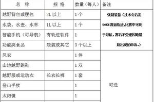 备注:除规定的“必备”装备外,其余装备自愿配备。技术会后下发50KM赛道轨迹,比赛中可用于导航,赛后不受理因跑错路出现的申诉。
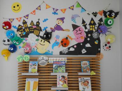 図書ボランティアのみなさんが図書館をハロウィン仕様にしてくださいました。
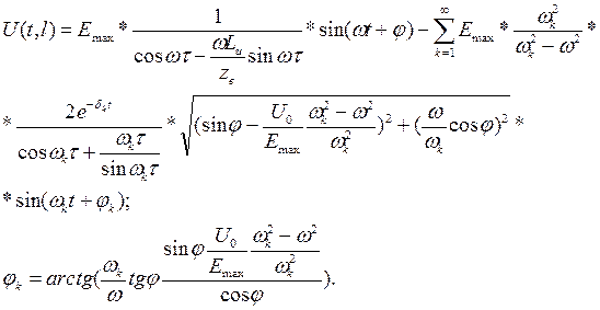 Рассмотрим наиболее неблагоприятную с точки зрения развития событий ситуацию: К.З. отключается Q2; 2) отключается Q1. Напряжение в точке после размыкания контактов U (x)= U н (x) – D U (x). D U (x) изменяется в точке после размыкания контактов; U н (l) = 0.
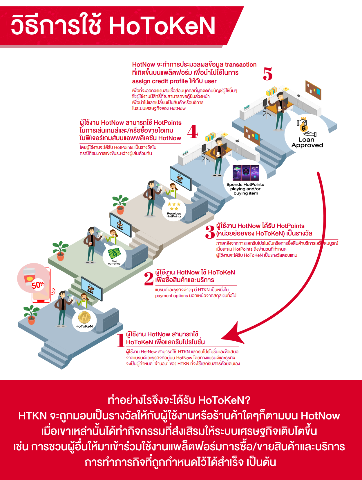 HoToKeN จึงสามารถโตได้ด้วยการสร้างงานให้มันทำ สร้างความต้องการในระบบเศรษฐกิจย่อมๆ ที่เกี่ยวข้องกับ HotNow นั้นเอง นอกจากนี้ HoToKeN เองยังมีความสามารถ Smart Contract หรือสัญญาอัจฉริยะที่จะทำงานอัตโนมัติเมื่อตรงตามเงื่อนไขที่กำหนด เช่นการใช้แลกรับบริการ ตัว Smart Contract ก็จะตรวจสอบเงื่อนไขว่ามีการจ่าย HoToKeN ตรงกับที่กำหนดไว้หรือไม่ ถ้าตรงก็จะปลดล็อกบริการนั้นให้ใช้ต่อไป ซึ่งพื้นฐานเหล่านี้ก็จะเป็นรากฐานให้ HoToKeN เติบโตได้ต่อไปในอนาคต
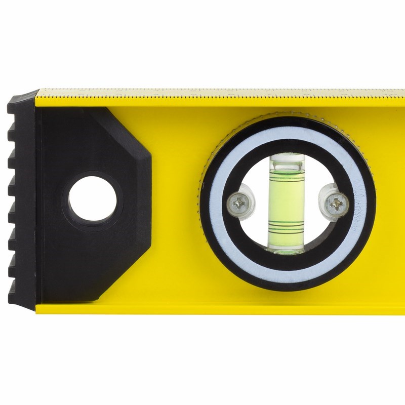 На одной из сторон уровня нанесена разметка для использования инструмента в качестве линейки. Пластиковые заглушки на торцах уровня защищают конструкцию при случайных падениях.
-*-*-
ACTION ITEM.
Pictures stay out; all other material above is restated word for word.

ANSWER TO THIS EXERCISE.
 备注:除规定的“必备”装备外,其余装备自愿配备。技术会后下发50KM赛道轨迹,比赛中可用于导航,赛后不受理因跑错路出现的申诉。
 図書ボランティアのみなさんが図書館をハロウィン仕様にしてくださいました。
 Рассмотрим наиболее неблагоприятную с точки зрения развития событий ситуацию: К.З. отключается Q2; 2) отключается Q1. Напряжение в точке после размыкания контактов U (x)= U н (x) – D U (x). D U (x) изменяется в точке после размыкания контактов; U н (l) = 0.
 HoToKeN จึงสามารถโตได้ด้วยการสร้างงานให้มันทำ สร้างความต้องการในระบบเศรษฐกิจย่อมๆ ที่เกี่ยวข้องกับ HotNow นั้นเอง นอกจากนี้ HoToKeN เองยังมีความสามารถ Smart Contract หรือสัญญาอัจฉริยะที่จะทำงานอัตโนมัติเมื่อตรงตามเงื่อนไขที่กำหนด เช่นการใช้แลกรับบริการ ตัว Smart Contract ก็จะตรวจสอบเงื่อนไขว่ามีการจ่าย HoToKeN ตรงกับที่กำหนดไว้หรือไม่ ถ้าตรงก็จะปลดล็อกบริการนั้นให้ใช้ต่อไป ซึ่งพื้นฐานเหล่านี้ก็จะเป็นรากฐานให้ HoToKeN เติบโตได้ต่อไปในอนาคต
 На одной из сторон уровня нанесена разметка для использования инструмента в качестве линейки. Пластиковые заглушки на торцах уровня защищают конструкцию при случайных падениях.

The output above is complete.